Article

Dick Brooks '39 Scores With His Mew Comic Strip

February 1951
Article
Dick Brooks '39 Scores With His Mew Comic Strip
February 1951

FROM the gigantic ice figure that straddled the campus in 1939 to a comic strip about two cute girls—thus runs the artistic career of Dick Brooks '39. With his new project, The Jackson Twins, he has high hopes of climbing on up to share the top rung with such fellow-alumni cartoonists as Doctor Seuss '25 and Abner Dean '31.

Brooks' brain children are an identical pair of nifties who are now being distributed seven days a week by the McNaught Syndicate to over 40 of the country's leading newspapers, including the Boston Herald, Philadelphia Bulletin, Washington Star and the St. Louis Post-Dispatch.

What Brooks calls his "recipe" runs some- what as follows: Take a lively pair o£ identical teen-agers whose personalities and abilities are opposite; add "homeyness" and depth to the strip by placing these girls in a typical American family; then, instead of relying on gags for appeal, combine comedy with story.

Five and a half years in the Navy—an experience which included being torpedoed from a submarine off Africa and undergoing harrowing experiences before rescue by South Africans—resulted in Brooks' creation of Elmer Squee, a sea-going character in a narrative poem. Elmer later became an undersized bellboy in a cartoon for King Features. On the air Brooks was "Luke Tatum," a rugged character from the Maine woods. A secret of Brooks' success would seem to be his ability to visualize convincing characters, to draw them, and to tell a story.
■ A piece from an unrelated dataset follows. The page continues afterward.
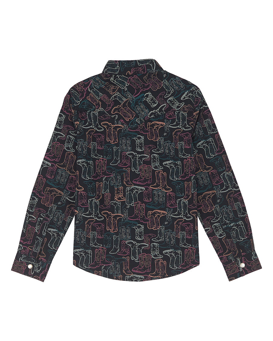 A fan favorite, our iconic Western snap shirts are a style staple in cowgirl closets across the country. This mini-me version is a style every aspiring cowgirl should have in her arsenal. Designed with the same authentic look of our originals, this girls' Westen snap shirt features Western yokes, pearl snap buttons, and two flap snap chest pockets with 'W' embroidery. Its bold color scheme put fashion first while the easy-to-layer silhouette makes for versatile, year-round styling.

A comic strip like The Jackson Twins is one of the most difficult and time-consuming jobs there is. Brooks does all the writing and drawing for six daily strips and the Sunday color page. He does twins' heads about fifty times a week. As for material, he combines his own imaginings with observations of the high school bunch around his hometown, Westport, Conn. In February he hopes to send the twins to Winter Carnival. What if either Jan or Jill or both were chosen queen? Could make quite a situation!